Visually, you could say defect rates create a cone or funnel narrowing as we move towards release. This funnel probably shouldn’t have any bulges, because that’d indicate certain phases injecting disproportionate numbers of defects. The end of the funnel is user-reported bugs, and the goal should be zero.

In addition to the funnel, we could also track distance between defect source and defect discovery. A requirement issue discovered in system testing or production is much more serious than a requirement issue discovered in work refinement. Defect distance ideally also forms a funnel, with most defects being discovered close to their creation and progressively fewer further down the pipeline.

Implied Tracking Qualities

Tracking a defect funnel requires certain changes in tracking

  • There must be points before production where defect discovery is tracked
  • What stage discovered the defect must be tracked
  • Defect source-to-discovery distance also requires identifying a defect source (e.g. incorrectly specified, construction - misunderstood, construction - failed implementation, etc)

Funnel checkpoints

The funnel approach requires tracking defects earlier than production. How and when we track those defects greatly impacts both the effectiveness and incentives of the measure.

Intuitively, I’d say defects created and discovered by a contributor within their work cycle should not be tracked. Tracking each refinement in understanding would be too intensive and probably not very useful.

Defects created in an earlier lifecycle stage and discovered in a later stage should be reported. This also is also relatively convenient for tracking because different lifecycle stages often have different contributors with different work tracking systems (e.g. product runs discovery, devs construction, devops monitoring).

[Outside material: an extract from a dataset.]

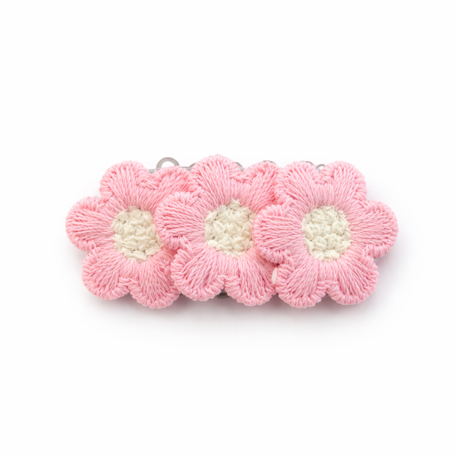 Deze bloemspeld in een zacht roze tint wordt met de hand gemaakt en voelt zacht aan. Ontworpen voor comfort en dagelijks gebruik, met een rustige uitstraling die mooi past bij neutrale outfits. Dankzij de anti-slip clip blijft de speld goed zitten, ook in fijn haar.

Defects can be raised in the work board of team that originated.

This also suggests that there should be some handoff that transitions responsibility for defects.

Semi-standard transitions already exist for handoffs between teams and lifecycle stages

  • Requirement refinement: the discovery -> development handoff
  • Code review: coding -> integrated code handoff
    • perhaps separate automated code review checks (integration tests, security audits, etc)
  • Deployment tests (e.g. canary tests, staging heathchecks, etc): the integrated -> deployed handoff
  • Monitors & internal user reporting: deployed -> in-use

I’m still fuzzy on how ownership should be defined around these checkpoints to incentivize both teams to be vigilant for errors.

Conclusions

I think this decreasing defect rate funnel as a model for defect measurement has clear advantages over single-source defect reporting, especially for aligning incentives with quality goals.

I imagine these thoughts are not original. It’s probably part of why semi-standard handoffs processes already exist between teams at different stages. Elements of this sort of measure are also evident in Formal Inspections or in root cause analysis.